MISE À JOUR DU 27 NOVEMBRE 2017 : Non, l’allocation de solidarité pour personnes âgées (Aspa) n’est pas une allocation de vieillesse. Par conséquent, la FCA n’a pas le droit d’exiger que les bénéficiaires de l’AAH atteignent l’âge de la retraite qu’ils demandent pour l’ASA. Cela vient d’être rappelé, le 16 novembre 2017, par la Cour de sécurité sociale de l’Aveyron. Il s’agit du troisième jugement qui a porté tort aux FAC dans des affaires similaires, après celles du Tass du Var dans l’affaire Deniau en janvier 2016 et du Tass de l’Isère en septembre 2017. Faire-Face a consacré un article publié le 27/11.

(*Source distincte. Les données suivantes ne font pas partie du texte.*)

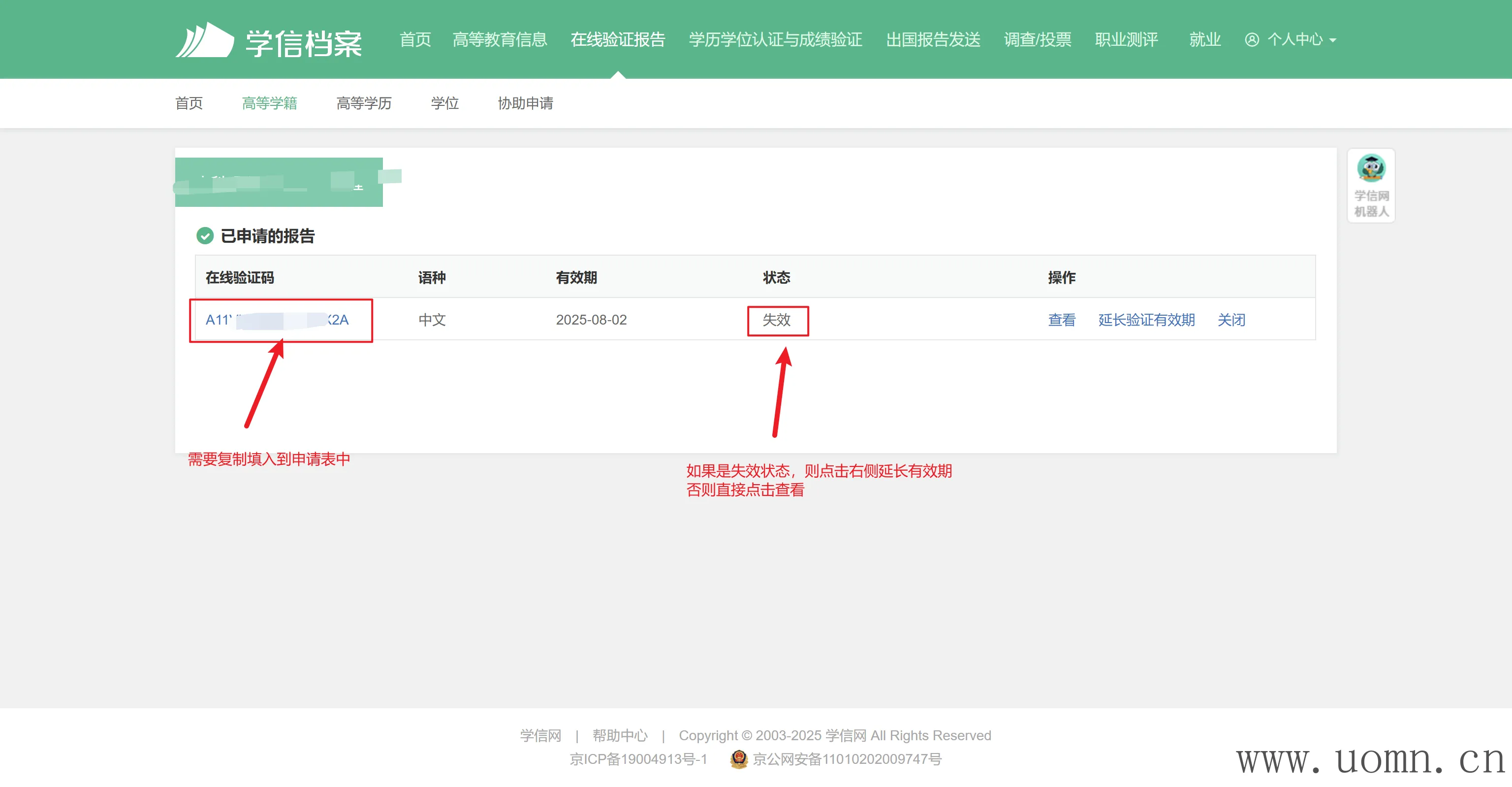 如果状态显示未失效,则点击右侧申请延长验证有效期,然后点击查看

4 — Vous êtes à la retraite et recevez déjà l’Aspa

Vous avez certainement préféré toucher l’AAH plutôt que l’Aspa. Mais vous devez toujours remplir les conditions pour bénéficier de l’AAH. Par-dessus tout, la CAF considère que les nouvelles dispositions relatives à l’AAH ne s’appliquent qu’aux personnes ayant atteint l’âge de 62 ans après le 1er janvier 2017. Vous avez encore la possibilité de saisir le Tass, comme expliqué ci-dessus. Mais cela vous engage dans une procédure longue et incertaine. Franck Seuret

AAH et Aspa : une différence cruciale

Le montant de l’Aspa (801€) est presque équivalent à celui de l’AAH (810€). Il peut être complété par un AAH différentiel, essentiel pour être en mesure de maintenir le supplément pour une vie autonome. Mais l’AAH n’est pas récupérable sur succession, contrairement à l’Aspa.

Le recouvrement est effectué sur la partie de l’actif net excédant un seuil de 39 000 euros. Si vous possédez un bien immobilier d’une valeur au moins égale à ce montant, le fonds payant l’Aspa a le droit de prendre une hypothèque intermédiaire.